I counted at some point in early 2024: I had fourteen repositories on my GitHub with some amount of real work in them that hadn’t been touched in over six months. A CLI tool for a use case I no longer had. A half-built FastAPI service for an app idea I’d abandoned when someone shipped a better version three weeks after I started. A static site generator I’d been building for myself instead of just using one of the existing ones, because apparently I needed to understand the problem from first principles.
Fourteen. I was proud of most of them when I started. They felt like capability, like proof that I was building things. By the time I counted, they mostly felt like clutter.
The Pattern
I’d start something on a Friday night or a Saturday morning. Usually there was a genuine itch — a tool I actually wanted, a problem I’d run into at work, something that seemed like it had a useful thing at the end of it. I’d get a weekend into it, hit the first real design decision, feel the project get heavy, and then an easier thing would present itself and I’d start that instead.
The easier thing was almost always the fun part of a different project.
I got very good at starting. I got very bad at finishing. And the half-built repositories piled up, each one a small monument to the enthusiasm I’d had about something before the hard part.
What Actually Changed
Nothing dramatic. I just stopped starting new things until the current thing was at a point where I could honestly describe what it did. Not shipped, not done — just functional enough to explain.
That’s a lower bar than “finished.” It still stops you from jumping to the next thing every time the current one gets hard. You can’t abandon the FastAPI service until it can actually do the one thing you built it to do. Once it can, you have options: keep going, or park it with a README that explains what it is.
The parking option matters. A repository with a clear README explaining what it is and why you stopped is more useful to future-you than a graveyard of half-typed files.
What I Gave Up
There are things I didn’t start last year because I held myself to this rule. Some of them I’m glad I didn’t start. A few of them I think about occasionally and wonder if they’d have been worth pursuing.

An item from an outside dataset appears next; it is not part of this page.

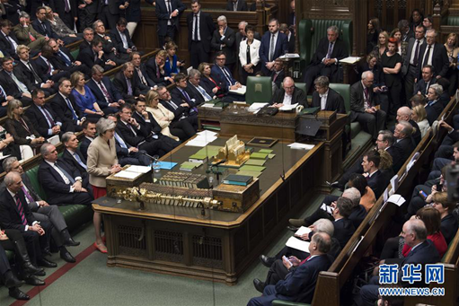 3月29日,在英國倫敦,英國首相特雷莎·梅出席議會下院辯論。英國議會下院29日投票否決了“脫歐”協議關鍵部分,這進一步增加了英國“脫歐”的不確定性。新華社發(英國議會攝影師馬克·達菲攝)

The FOMO on ideas is real. I keep a notes file of things I’d build if I had time — not to manage a backlog, but because writing it down usually makes the idea feel less urgent. Most of them look worse after two weeks in a text file.
What’s Actually Running Now
One personal project that does something I use every week: a small FastAPI service that pulls cycling data from Garmin and posts a summary somewhere I’ll see it. It’s not impressive. It does what I needed it to do and I actually finished it.
This site. Which I’m treating as an ongoing project — writing is the work, the site is the publishing mechanism. Low complexity, low overhead, and the habit of writing is the goal rather than the software.
That’s it. Two things.
On the Guilt
The fourteen abandoned repositories didn’t disappear when I decided to start fewer things. I archived the ones that were clearly never going to be touched. I deleted a few that were embarrassing. Left the ones that still had some plausible future.
But the guilt about them mostly went away, which surprised me. Starting fewer things made the existing things feel less like a mess I was responsible for cleaning up and more like a collection of experiments, some of which worked and some of which didn’t. That reframe happened on its own once I wasn’t adding to the pile.
I don’t think everyone should do this. Some people thrive on parallel exploration and have the follow-through to make it work. I am not that person. I work better on one thing at a time with actual focus on it, and I spent several years ignoring that about myself.